## Data
+++

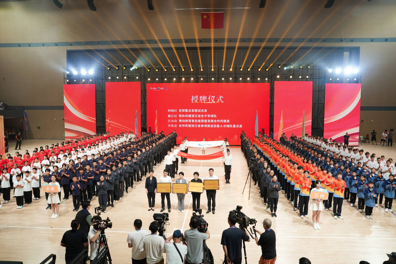 浙江省体育职业技术学院党委书记郭海英为柯城区颁发足球重点发展试点县、为衢江区颁发联办共建浙江省女子手球队、为江山市颁发推动体育事业高质量发展合作共建县、为开化县颁发合作共建“浙江省单项奥运后备人才梯队”重点县牌匾。国家体育总局手曲棒垒中心主任、中国手球协会主席王涛为衢江区人民政府授国家少年女子手球队旗并致辞。
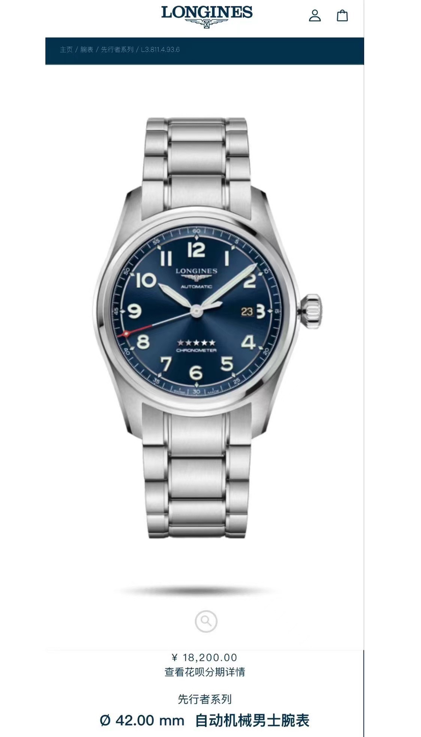 浪琴/Longines 先行者系列 L3.811.4.93.6 自动上链机械机芯 精钢 42.00mm 附件:25年全套 专柜价19500
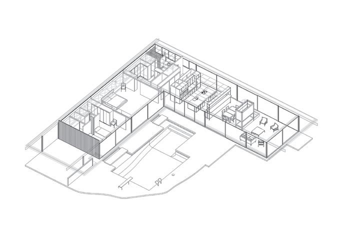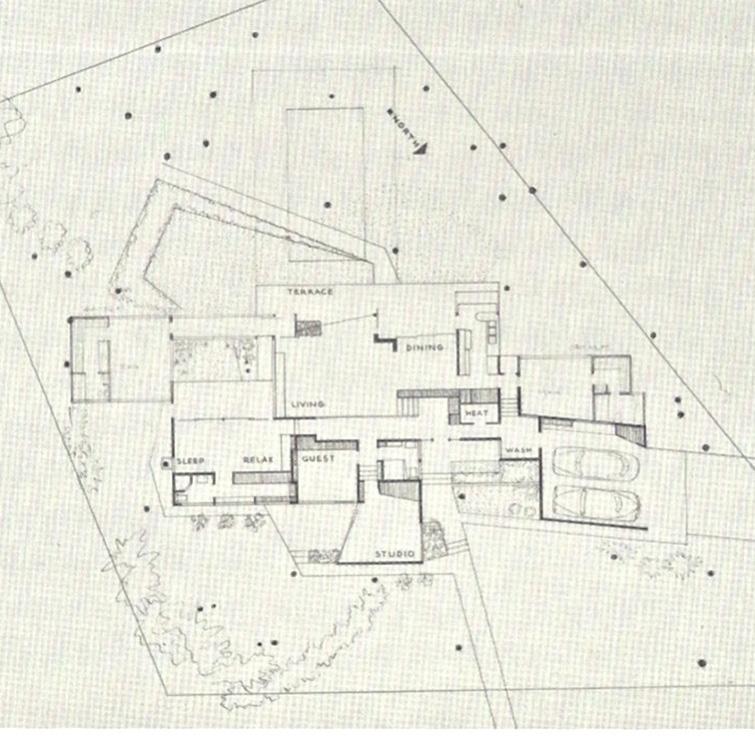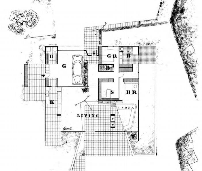 De constructie v komt tot stan vierkante staalconstructie. Dit was oo een van de eerste Case Study Houses die hier gebruik v Het gebruik v mogelijk om een gr creëren in het interieur eigenaar van h Architecture Magazin weinig privéruimtes en v imposante ruimtes voor entertainment. Dit is ook duidelijk te zien door de zeer grote living met aanliggende slaapkamer Tussen living en slaapkamer is opmerkelijk weinig afscheiding.

+++

## Work instructions
Set down the line containing "浪琴/Longines 先行者系列 L3.811.4.93.6" and every line after it up to the end of the material, exactly as written, but not the pictures.

## Response area
 浪琴/Longines 先行者系列 L3.811.4.93.6 自动上链机械机芯 精钢 42.00mm 附件:25年全套 专柜价19500
 De constructie v komt tot stan vierkante staalconstructie. Dit was oo een van de eerste Case Study Houses die hier gebruik v Het gebruik v mogelijk om een gr creëren in het interieur eigenaar van h Architecture Magazin weinig privéruimtes en v imposante ruimtes voor entertainment. Dit is ook duidelijk te zien door de zeer grote living met aanliggende slaapkamer Tussen living en slaapkamer is opmerkelijk weinig afscheiding.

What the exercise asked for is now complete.